The Covid-19 block exemption for the retail property sector has since been issued by the Minister of Trade, Industry and Competition Ebrahim Patel opening up a "safe harbour" for firms in the sector to co-ordinate particular activities to ensure the survival of tenants of retail properties during the Covid-19 national disaster, says Webber Wentzel legal experts.

Retail tenants and retail property landlords are free to reach agreements between and among one another in relation to payment holidays and/or rental discounts for tenants.

The agreements and practices may only be implemented for the sole purpose of responding to the Covid-19 national disaster. Furthermore, the exemption does not apply to any communication or agreements relating to pricing (unless specifically authorised by the Department). 

SEE: Covid-19 relief for retail landlords and tenants as competition laws eased 

Every little bit counts

 

From Virgin Active announcing they would automatically freeze memberships, to South Africans being encouraged to pay their domestic workers, even if not permanently employed – every effort helps to stem the financial backlash.

South Africa has also joined the Solidarity Fund – which is looking for monetary and non-monetary donations, encouraging citizens to come together as a nation, to look after one another.  

Individuals cannot apply for assistance from the fund, the South African government will distribute donations through various channels to achieve the fund’s goals of: prevention, detection, care, and support as the country deals with the Covid-19 pandemic. Click here to donate.  
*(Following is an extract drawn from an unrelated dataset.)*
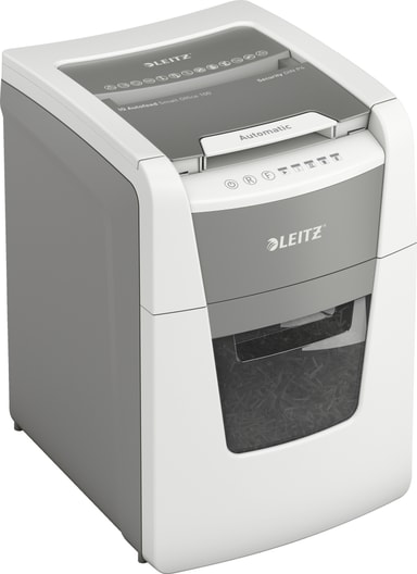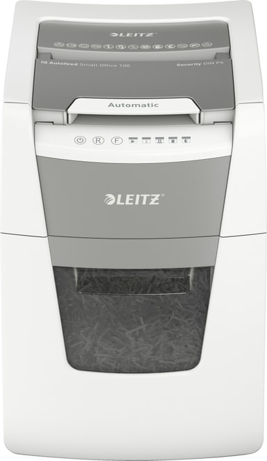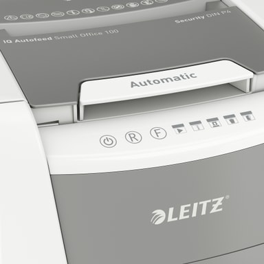 Tysta, effektiva Leitz IQ AutoFeed Office 100 P4 dokumentförstörare matar sig själv med upp till 100 pappersark automatiskt på en gång. I manuellt läge kan dokumentförstöraren strimla 8 ark samtidigt.Läs mer om produkten

“As with any crisis, timing is always critical and many of these programmes are understandably still being operationalized,” says Kumaran Padayachee, Spartan SME Finance CEO.

Spartan will continue to collate its relief resource registry that any SME can tap into to assess if they can apply for relief, how to go about applying.
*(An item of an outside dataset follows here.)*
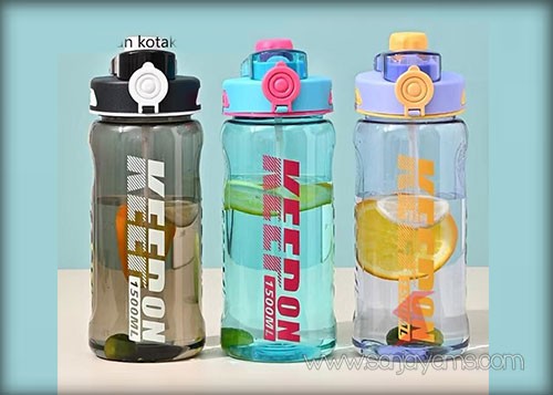 Tumbler plastik dengan model terbaruTerdapat 3 pilihan warna : Hitam, Biru, dan Ungu Kapasitas : 1.500 ml

As a debt funder, Padayachee says Spartan knows the pain many SMEs are experiencing right now, which is why the registry also digs into analysis of each relief measure listed. 

As with the actual funds, the Covid-19 Relief Registry is a work in progress.

“Relief initiatives typically go through the phases of announcement, followed by development, and then they put the operations in motion – this includes processing applications – which is at the heart of what small business owners want to know right now,” says Padayachee.